More Knowledge Quotations

Information is not knowledge
- Albert Einstein

Knowledge is no value unless you put it into practice
- Anton Chekhov

Take the two famous quotes above and you actually run smack into an ongoing controversy among those who study knowledge in general and political knowledge in particular. Is what people know sufficient to assume sophistication? Those who study expertise or sophistication or similar constructs would argue no, that knowledge itself is necessary but not sufficient. It's not what ya know, it's what ya know and how ya use it that matters.

This gets at how we measure knowledge. In political studies, we rely heavily on those civics class questions of who is Nancy Pelosi or what party controls the U.S. House of Representatives. We assume if you can rattle off the answers correctly, you're somehow more knowledgeable than those who cannot -- but we rarely build into our models how people use such information, if at all. Exceptions are when we see studies of how people organize their political world, often along partisan or ideological lines, and the role civics/textbook knowledge plays in all that.

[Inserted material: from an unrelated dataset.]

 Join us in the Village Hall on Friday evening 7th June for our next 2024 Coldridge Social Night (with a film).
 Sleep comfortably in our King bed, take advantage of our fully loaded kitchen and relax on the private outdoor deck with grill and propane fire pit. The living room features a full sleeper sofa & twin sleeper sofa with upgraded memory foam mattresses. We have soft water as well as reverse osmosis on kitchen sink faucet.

Studies of sophistication, they use knowledge, but they also tend to use other factors in a multidimensional (and often muddy) construct. In other words, I'm not sure we gain all that much in our studies of "expertise" and "sophistication," which brings us back to our tired yet true measures of civics knowledge. They're simple, they hang together well (Cronbach's Alpha is usually in the .70s), and they have years of previous research to back 'em up. So we default to the conceptual safe ground.

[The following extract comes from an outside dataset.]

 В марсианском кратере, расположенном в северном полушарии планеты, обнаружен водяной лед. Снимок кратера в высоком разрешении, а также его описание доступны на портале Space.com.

But information, as the good professor notes above, is not knowledge.

It's an interesting problem for those of us who mess with these concepts, who try to analyze and predict based on them, who desperately need to publish in academic journals for promotion or tenure or a better raise (when there are raises and not furloughs). For me it's mostly an interesting intellectual exercise, and eventually I'd love to create to final, best, ultimate measure of sophistication that makes actual sense. Or, failing that, a knowledge measure that answers many of the criticisms I mentioned above, and the many I've not bothered here to get into (but have discussed in other posts).

Maybe it's time for a Political Wisdom construct.

Huh?

Here's my model, the old guys you'd see around the table at some diner, sipping coffee and arguing politics, and some snotty college kid sits down and can tell them all the names they get wrong, the little factoids they get confused, but when it comes to knowing -- the old guys beat the snotty kid every time (in this scenario, I was once the snotty kid...long story). It's how you use information, how you make sense of the world, that matters most. Hence my new construct -- Political Wisdom.

And no, I have absolutely no idea how to measure it, especially in a telephone survey.